Começo por te lembrar - oh empedernido stalinista! -, que foi por teu intermédio que estabeleci contacto com alguns dos mais aborríveis (mas quand même profícuos) conceitos de amplas alianças frentistas. Lembra-te ainda que, segundo estridentemente berravas na altura, sempre que parecessem justas as causas ditas democráticas e nacionais (e mesmo as pessoais, como frequentemente me lembravas em surdina) tudo, mas absolutamente tudo, se podia e devia misturar: proletários, burgueses, aristocratas, camponeses, intelectuais, analfabetos, mukeristas, desempregados, stockbrokers e o lumpen, incluindo diletantes.

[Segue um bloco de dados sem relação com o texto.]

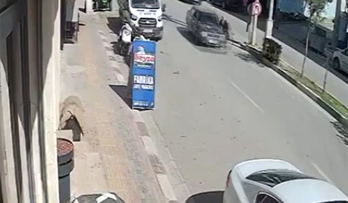 Kaza etraftaki bir iş yerinin güvenlik kamerasınca kaydedildi.
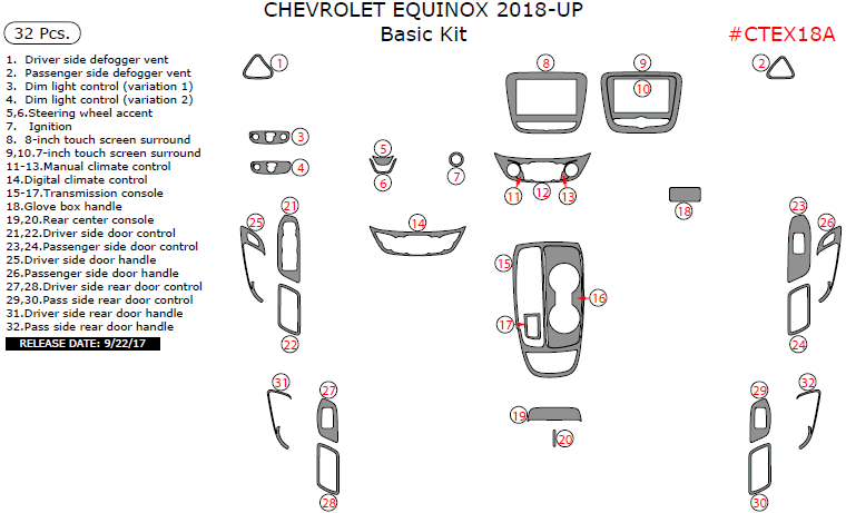 Chevrolet Equinox 2018-2025, Basic Interior Kit, 32 Pcs.
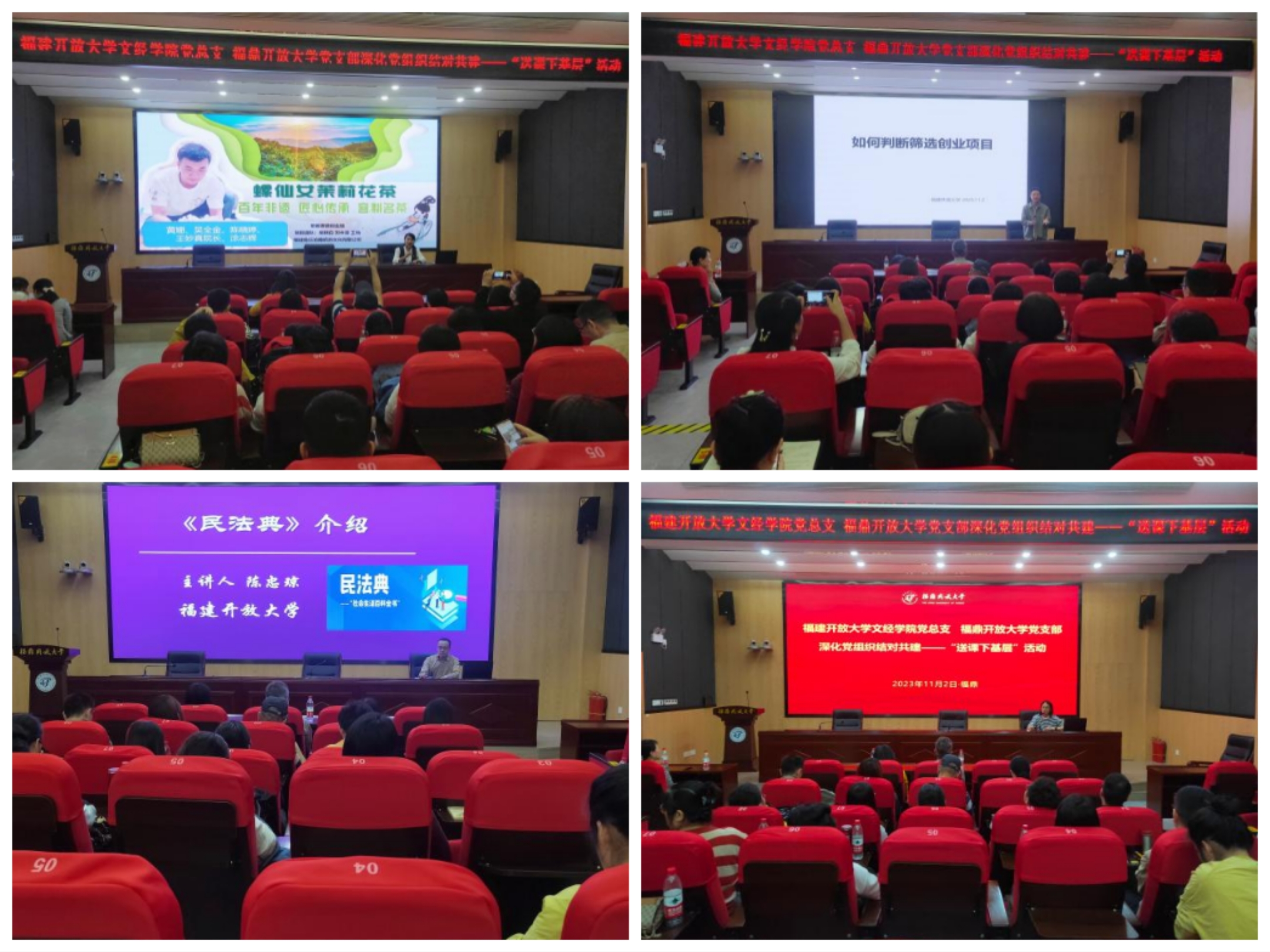 福鼎开放大学党支部是文经学院党总支开展联建联学的第一站,早在2018年双方就建立了共建关系,五年来持续不断地开展特色专业的送教送学活动。福鼎开放大学党支部书记江孝松代表全校对文经学院党总支的到来表示热烈欢迎,并介绍了福鼎开大近年来党建工作、办学业务、主要特色、取得成绩及今后转型发展的工作思路。文经学院党总支书记王妙真分享了“党建引领,‘五度’育人”党建工作品牌建设的工作经验。吴全金、涂志辉、陈忠琼和刘洪四位老师交流了《参加茉莉花茶创业大赛经验分享》《如何判断筛选创业项目》《民法典知识介绍》和《学生专业社团工作经验分享》四个讲座,内容丰富,理论与实际紧密结合,实操性强,得到一致好评,为提升开大系统教师理论水平和专业素养起到推动作用。本次深化共建活动是文经学院党总支与共建党支部深化结对共建的一次新尝试,为增强体系凝聚力,服务基层电大提供新思路。
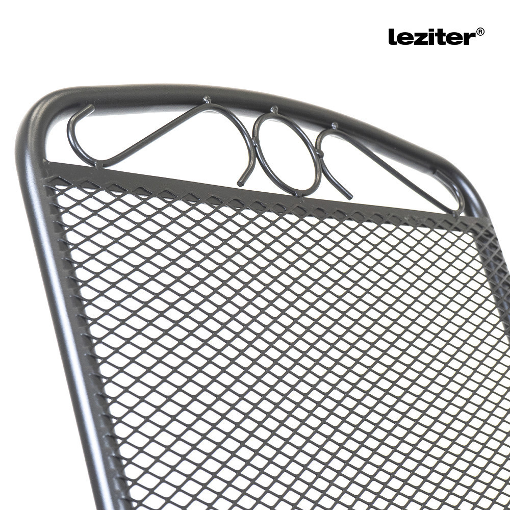 A Melfi 4+1 kerti bútor garnitúra szett antracit színben egy nagyméretű Melfi téglalap alakú kerti asztalt és 4 db kényelmes Melfi karfás széket tartalmaz, stabil acél szerkezetével, korrózióálló és porszórt felületkezelésével, valamint modern hálós kialakításával ideális választás családi étkezésekhez és baráti összejövetelekhez kertben, teraszon vagy erkélyen.
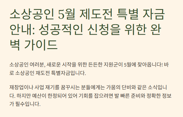 소상공인 여러분, 새로운 시작을 위한 든든한 지원군이 5월에 찾아옵니다! 바로 소상공인 재도전 특별자금인데요, 재창업이나 사업 재기를 꿈꾸시는 분들에게는 가뭄의 단비와 같은 소식일 것입니다. 하지만 이 자금은 예산이 한정되어 있어 기회를 잡으려면 발 빠른 준비와 정확한 정보가 필수입니다.
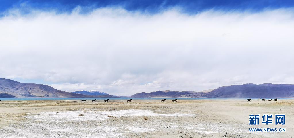 野马在佩枯错旁奔驰(5月14日摄,手机照片)。
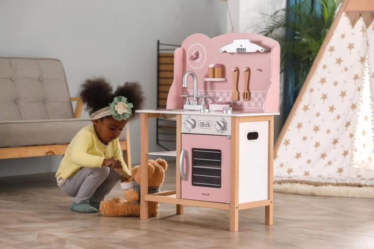 Houten kinderkeuken met accessoires, roze – VIGA PolarB
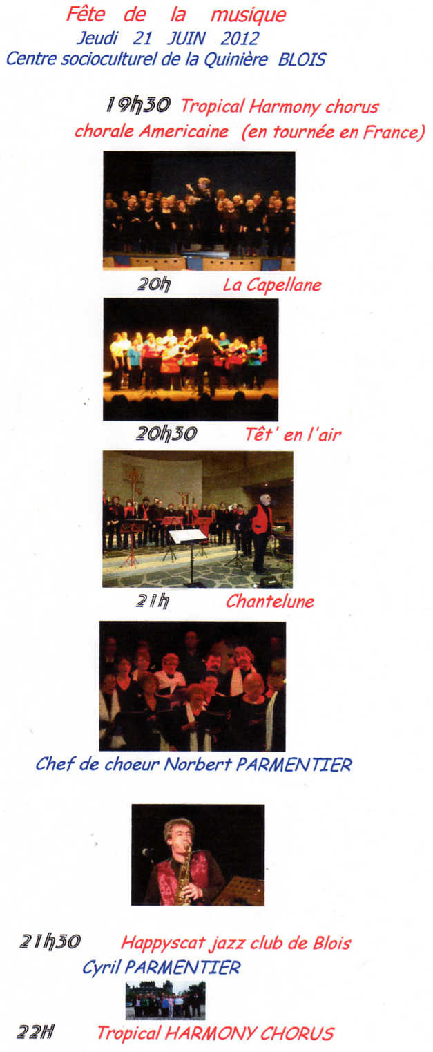 Une belle soirée de Juin, avec des groupes différents et mais aussi une belle rencontre avec cette Chorale Américaine TROPICAL HARMOY CHORUS de passage à Blois qui souhaitait participer à la Fête de la Musique
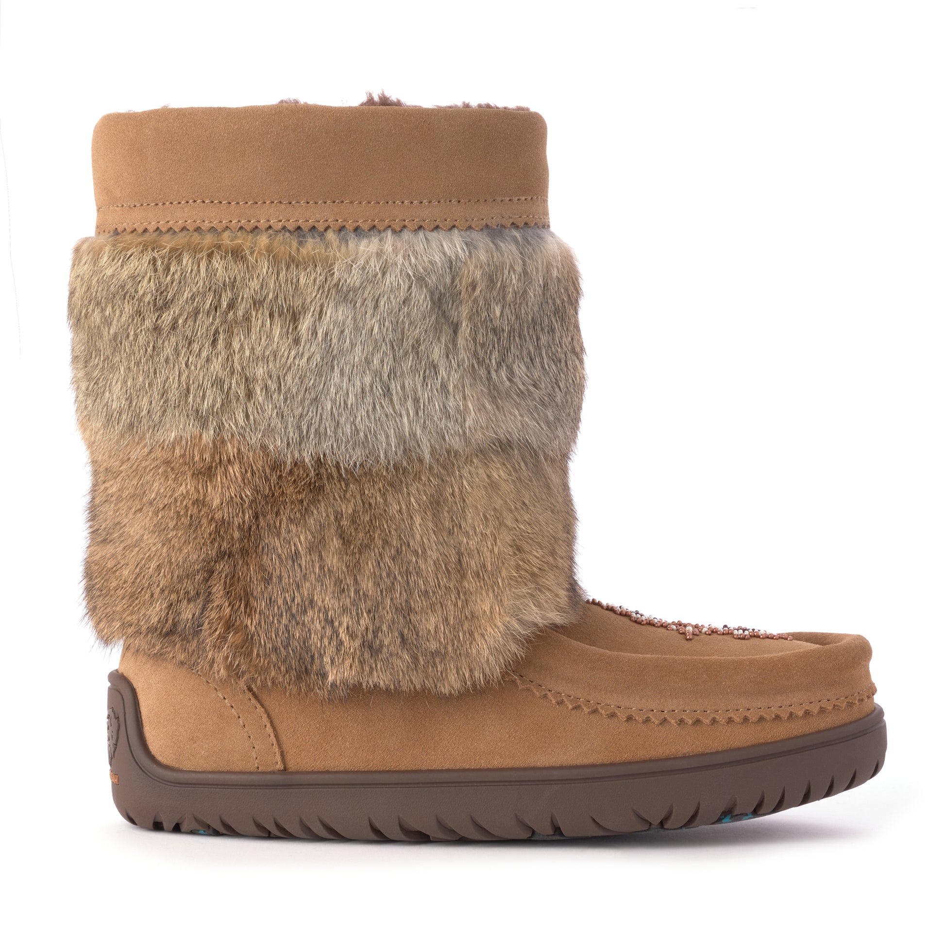 Embrace winter with elegance and warmth in the Manitobah Solstice Half Mukluk, part of the exquisite Solstice collection. Crafted from premium cowhide suede and adorned with luxuriously soft rabbit fur, these mukluks deliver unmatched comfort and grace with every step. Inspired by Manitobah’s iconic Half Mukluk design, this pair is lined with cozy sheepskin and features a unique rubber Glacier Grip Tipi sole, designed by Cree artist Heather Endall, that enhances grip and durability.
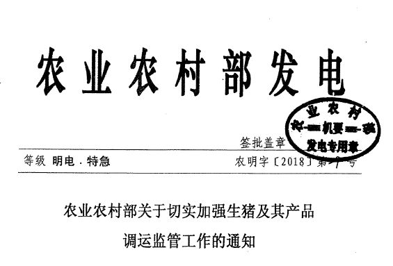 8月31日,农业农村部印发了《关于切实加强生猪及其产品调运监管工作的通知》。文件指出生猪及其产品调运应当严格执行《中华人民共和国动物防疫》《非洲猪瘟疫情应急预案》的农业农村部公告第2号有关规定,不得从高风险去向低风险区调运。以及对发生疫情的省(自治区、直辖市)受威胁区以外地区生猪及其产品的调运等做了详细要求!
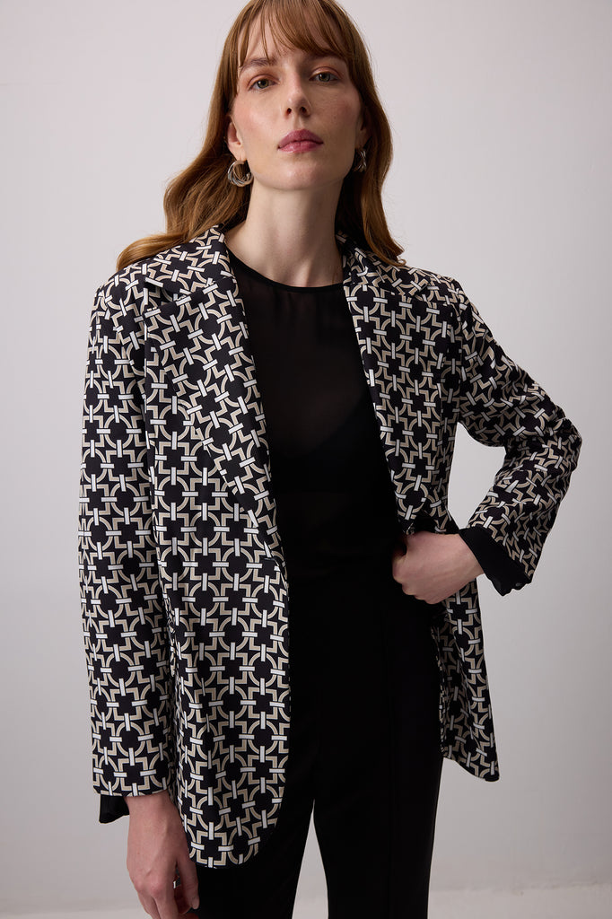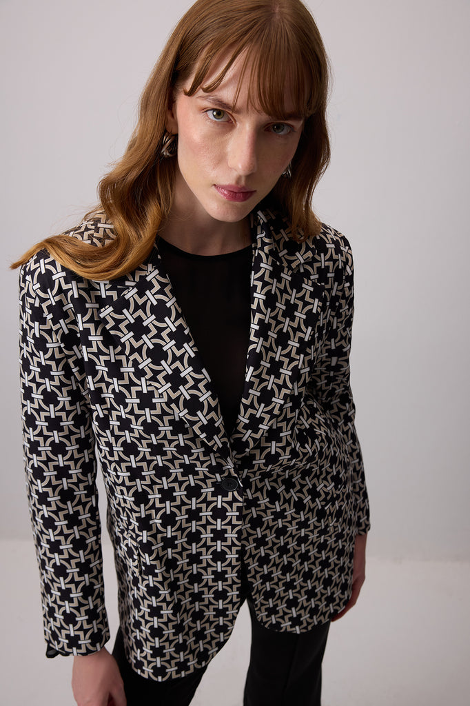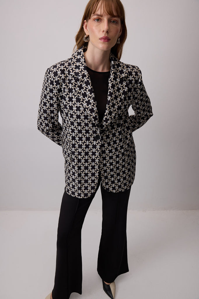 Klasik, çentik yaka. Uzun kollu. Kilit desenli. Önden düğme kapamalı blazer ceket.

Aliás, bem vistas as coisas, mais não fiz do que seguir a fábula deng-xiaopinguiana do gato e do rato – uma alegoria que sempre te encheu a boca.

 

Não percebo portanto o teu pudor quando criticas o meu entrismo nesta ampla aliança frentista na qual, por diferentíssimas razões, coabitam capitalistas de Estado e Corporações, lobbistas do aço do red tape e do investment banking, regulocratas de matizes várias, e geo-diletantes que, como eu, se mostram inquietos com a progressiva desatenção afro-índica da BHP Billiton sob a batuta afrikanner do seu novíssimo CEO.

 

Permite-me ainda que acrescente um bocadito mais de mayonnaise à empada que vais ter que lamber. É que, se reparares bem, além de se ter travado um polvo monopolista, no processo recolheram-se outros bónus:

 

#1 – uma vez mais se provou que, mais frequentemente do que o desejável, a governação dos poderosos titãs metal-mineiros tende a interpretar mal vários riscos antropogénicos (escorando-se ainda pior contra eles) - em particular sempre que as suas lideranças são afectadas, ou por miopia (como agora no caso dos erros de leitura que a BHP Billiton fez quanto às regulações EU, China e mesmo Japão, por exemplo), ou por alucinações de wishful thinking quando se decidem a manipular mercados estratégicos; uma fase em que, tipicamente, eles passam a confundir desenvolvimento global com a sinergia dos seus dividendos. Aliás, sobre este assunto, basta lembrar o paraíso das previsões que ainda ontem eles vendiam ao Mercado, e a ressaca que hoje os atravessa. Lembra-te ainda que tudo isto são gajos que passam a vida a dar-nos lições de excelência e eficácia corporativa, incluindo na gestão de riscos.

 

#2 – por outro lado, e quando em menos de 3 meses um negócio que eles diziam valer USD 350 biliões passou a valer 66, há uma conclusão que, até tu, és obrigado a tirar: os gajos têm nos bolsos corporativos muito excedente monetário socialmente-mal-dividido. O que, entre outras coisas, tende a embebedá-los com tentações que nos custam milhões (lembra-te que, além de uma equipa de 43 executivos internos, só em fees a BHP B desperdiçou externamente mais de USD 350 milhões). Repara também que, mesmo apesar do actual mega-estoiro de tantos valores virtuais, só a BHP Billiton e a Rio Tinto terão, em 2008, lucros várias vezes múltiplos do nosso PIB p.e. - tudo somado, qualquer coisa como USD 20 biliões. O que não é nada mau se tiveres em conta que, mesmo neste cenário de preços, nenhuma destas mega-corporações está hoje a comerciar produtos abaixo dos seus custos marginais de produção.

 

E se a isto tudo somares o facto de eu precisar de refrescar o baralho de cartas do Titanopólio, não me parece destoado despedir-me citando o serendipitoso Albanese (curiosamente também ele um recente CEO Rio Tinto) que, após ter perdido mais de metade do valor Rio Tinto, com o ar mais natural do globo caracteriza a actual fase como uma “Pausa para (ele e nós) Respirarmos” – e muito fundo sugiro eu… em particular no que no diz respeito ao DNA da especulação bolsista e ao opaco preçário das commodities.

 

inté

 

josé lopes

 

Dezembro 5, 2008

 

ps 1 – quanto à Chinalco ficamos assim: não só eles, como braço estatal da China, perderam mais de 8 biliões USD desde que em Fevereiro 2008 compraram 12% das acções Rio Tinto em Londres, como também apanharam um grande susto quando iam ficando sem elas.

 

ps 2 – entretanto, acho que deves ir preparando alguns trocos porque, aí por Janeiro 2009, talvez seja altura de comprares umas acçõezitas na BHP Billiton.